Task to carry out:
Without including any images, repeat the data exactly.

Data extract:

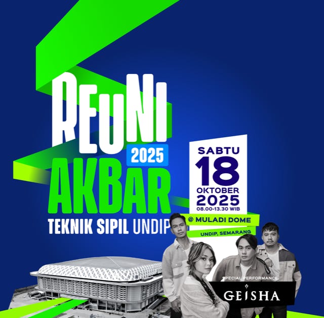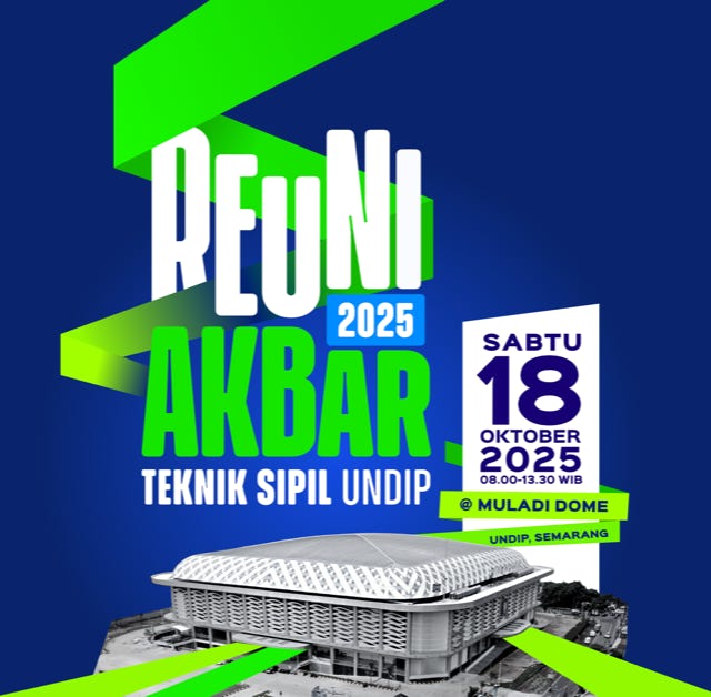 Reuni Akbar 2025 akan berlangsung di Muladi Dome, gedung multifungsi kebanggaan Universitas Diponegoro. Dengan kapasitas besar, fasilitas modern, dan lokasinya yang ikonik di kawasan Tembalang, Muladi Dome menjadi simbol kemajuan sekaligus ruang pertemuan alumni Teknik Sipil lintas generasi.
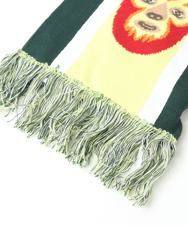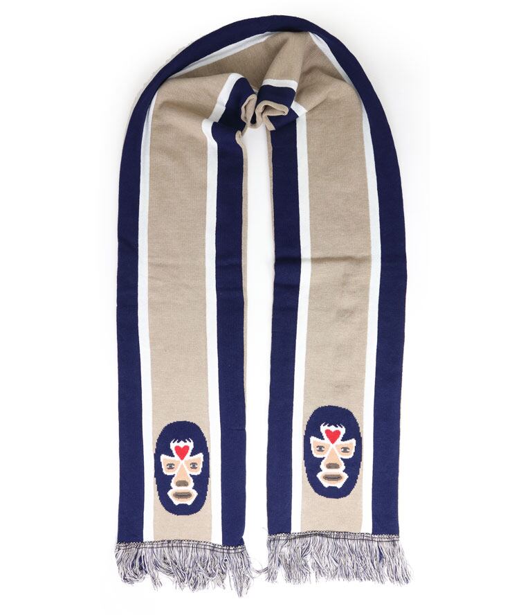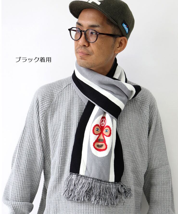覆面レスラーとブランドロゴを組み合わせた、遊び心あふれるジャガードマフラー。両面リバーシブル仕様で、その日の気分やコーディネートに合わせて使い分け可能です。
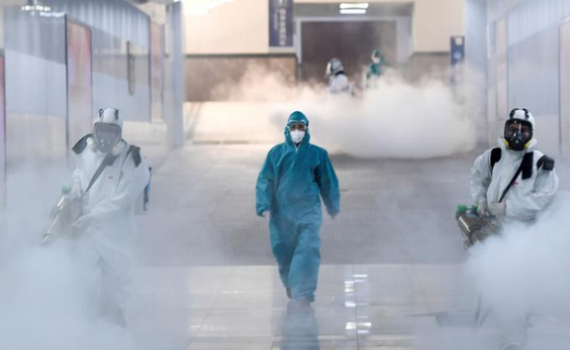 Tỉnh Hồ Bắc, Trung Quốc phun thuốc khử trùng đường phố

Expected answer:
 Reuni Akbar 2025 akan berlangsung di Muladi Dome, gedung multifungsi kebanggaan Universitas Diponegoro. Dengan kapasitas besar, fasilitas modern, dan lokasinya yang ikonik di kawasan Tembalang, Muladi Dome menjadi simbol kemajuan sekaligus ruang pertemuan alumni Teknik Sipil lintas generasi.
覆面レスラーとブランドロゴを組み合わせた、遊び心あふれるジャガードマフラー。両面リバーシブル仕様で、その日の気分やコーディネートに合わせて使い分け可能です。
 Tỉnh Hồ Bắc, Trung Quốc phun thuốc khử trùng đường phố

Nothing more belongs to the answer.